WASHINGTON -- Richard Nixon, pressuring his successor for a Watergate pardon, threatened to claim President Ford had agreed to grant the pardon in exchange for the presidency, according to an article in the Atlantic Monthly.
The article also claimed that, in the last days of Nixon's presidency, Defense Secretary James Schlesinger feared Nixon might use military force to stay in office. And after Nixon resigned, his aides stayed at the White House, destroying some papers and carting away others, the article said.
Former New York Times reporter Seymour Hersh, on the basis of talks with unidentified former aides to Ford and Alexander Haig, writes that Nixon called Ford Sept. 7, 1974, the day before Nixon's pardon.

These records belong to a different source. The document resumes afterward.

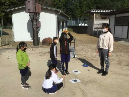 11/4 太陽はどう動く?(3年生 理科) 公開日 2021/11/04 更新日 2021/11/04 お知らせ 方位磁針を使って東西南北を調べ、地面にマークを置きました。 10時と12時に遮光板を使って太陽の位置を調べたところ、太陽は「東と南の間」から「南」に動いていました。 このことから14時の太陽の位置を「西の方」と予想を立てていました。さて、正解はどうだったのでしょう…?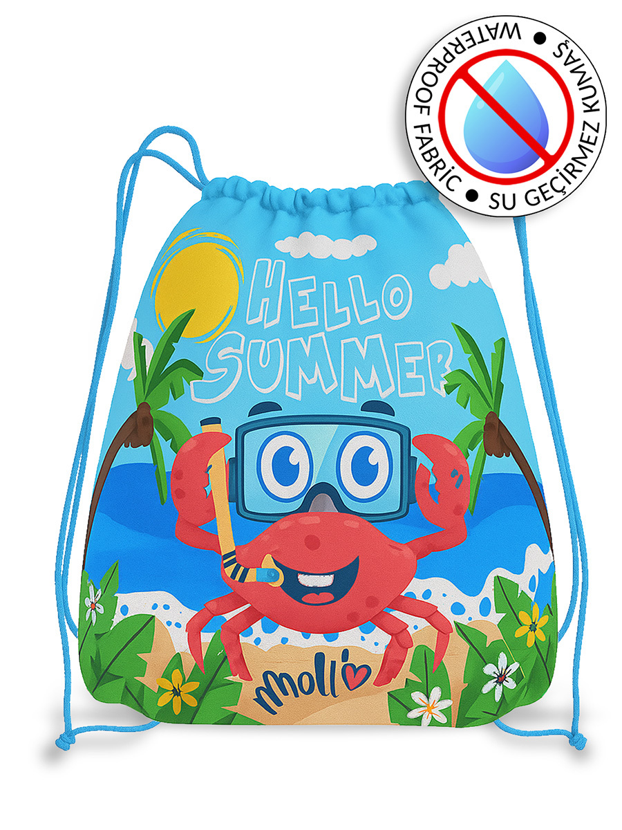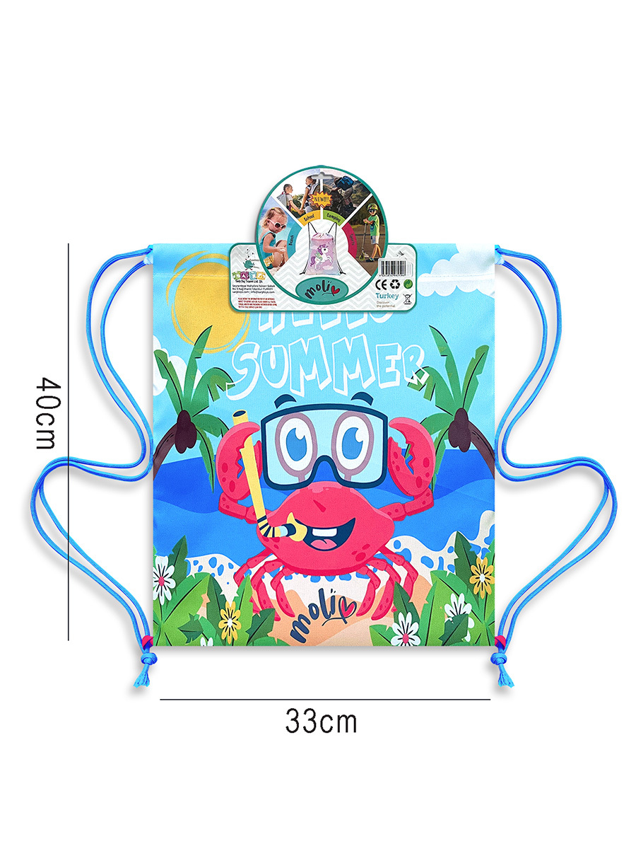 Canlı yengeç deseniyle dikkat çeken bu su geçirmez ipli sırt çantası, erkek çocuklar için plaj ve havuzda ideal bir yardımcıdır. 33x40 cm ölçüleri sayesinde havlu, mayo ve oyuncaklar rahatça sığar. Hafif yapısı ve suya dayanıklı kumaşıyla yaz tatillerinin vazgeçilmez çantası! %100 Polyester
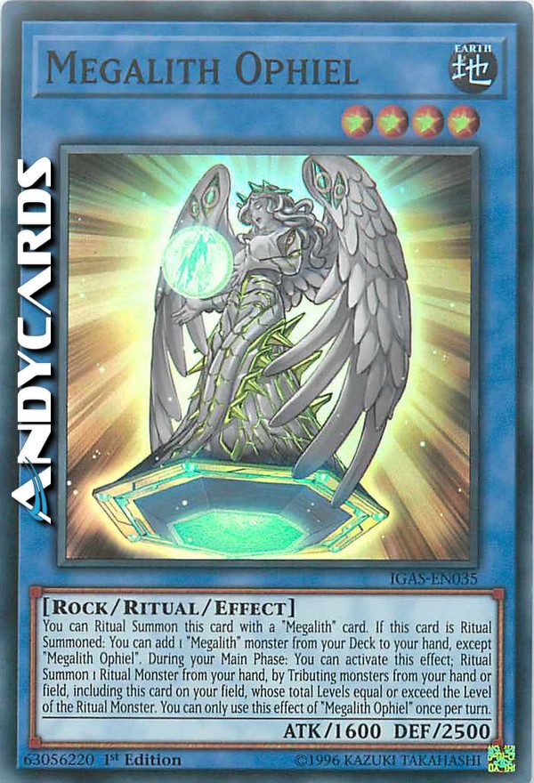Puoi Evocare tramite Rituale questa carta con una carta "Megalito". Se questa carta viene Evocata tramite Rituale: puoi aggiungere 1 mostro "Megalito" dal tuo Deck alla tua mano, eccetto "Megalito Ophiel". Durante la tua Main Phase: puoi attivare questo effetto; Evoca tramite Rituale 1 Mostro Rituale dalla tua mano, offrendo come Tributo mostri dalla tua mano o Terreno, compresa questa carta sul tuo Terreno, con Livello totale pari o superiore al Livello del Mostro Rituale. Puoi utilizzare questo effetto di "Megalito Ophiel" una sola volta per turno.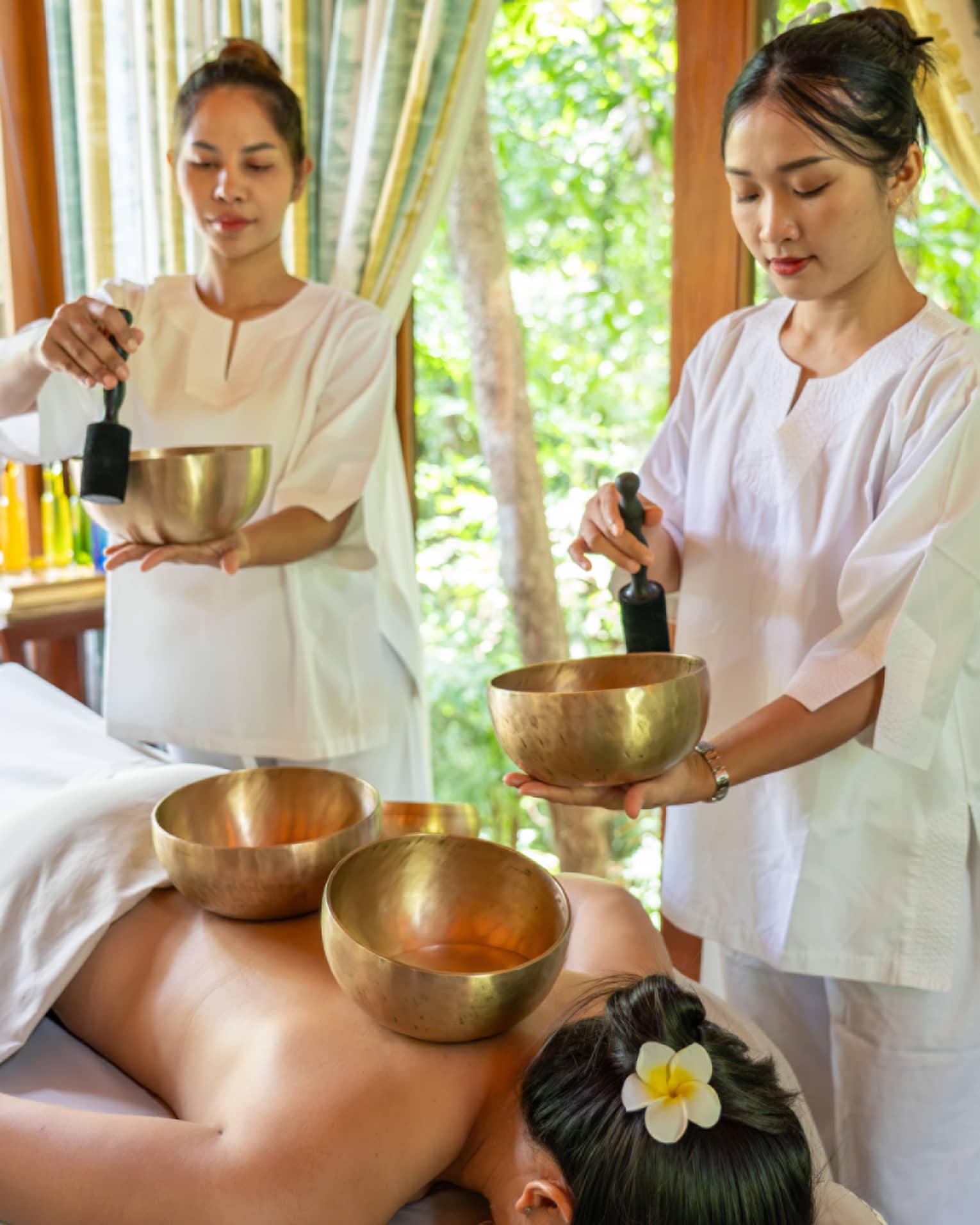 Immerse yourself in a healing journey as Tibetan singing bowls awaken the senses, followed by a four-hands massage in wave-like harmony. A crystal massage restores balance, before a singing bowl bath with jasmine blossoms envelops you in serenity. This ritual ends with Thai Buddhist chanting for profound peace.

Hersh writes: 'Nixon's message was blunt, according to those few White House aides who knew of the private call: if Ford did not grant him a full pardon, he, Nixon, was going to go public and claim that Ford had promised the pardon in exchange for the presidency, because Ford was so eager to get it.'
Hersh quoted Ford aides as saying Ford already had decided to grant the pardon and was 'very, very irritated' by Nixon's call.
Nixon aides, reached at the former president's home in New Jersey, refused comment on the article and said Nixon is on vacation.
'The president is not going to have any comment on it,' said Kathy O'Connor, an aide to Nixon.
Ford spokesman Robert Barrett, reached in Vail, Colo., said there would be no comment until Ford and his aides read the article.
The 20,000-word article in The Atlantic's August issue stops short of asserting that Ford, as vice president, struck a deal on the pardon before Nixon resigned Aug. 9, 1974. But, Hersh writes, 'Many of the former aides who worked with Haig and Ford still assume there was a deal of some kind.'
Ford repeatedly has denied any such bargain and told a House subcommittee, under oath, he had no conversations with Nixon about a pardon.
Hersh also asserts Nixon reneged on a promise to pardon his chief aides -- to 'put the special prosecutor out of business by leaving nothing unpardoned.' He said one plan was for Nixon to pardon all his aides and himself before resigning.
In the last weeks of Nixon's administration, Hersh reports, Schlesinger began to fear Nixon might move to use the military, particularly the Marines, to stay in power and that the military might support Nixon against the courts or Congress.
Hersch said Schlesinger telephoned Air Force Gen. George Brown, then chairman of the Joint Chiefs of Staff, and asked for a commitment that neither Brown nor any other member of the Joint Chiefs would respond to any White House order without first informing Schlesinger.
When Brown passed on the instruction, one chief told Hersh, the consensus among the top military commanders was that 'Schlesinger was coming unglued.'
Schlesinger, however, believed the Marine commandant, Gen. Robert Cushman Jr., would be loyal to the White House in a showdown.
And, Hersh noted, several officials investigating Watergate also feared a confrontation could lead to involvement of the military.
After Nixon resigned, Hersh reported, Nixon aides continued to work at the White House and in the executive offices.
Hersh said Benton Becker, an attorney who helped in Ford's transition, told him: 'The Nixon people were burning crap like crazy.'
Becker said he ordered an Air Force officer to unload one truck filled with files and papers, but the officer told him he would take orders only from Haig. Becker said he took the officer to Haig's office to have the order confirmed, then want out and watched the truck unloaded.
Hersh is the author of the recent book on former Secretary of State Henry Kissinger, 'The Price of Power,' and other books and articles generally critical of Nixon and Kissinger.
Hersh originally gained public recognition with his New York Times articles revealing the My Lai massacres during the Vietnam War.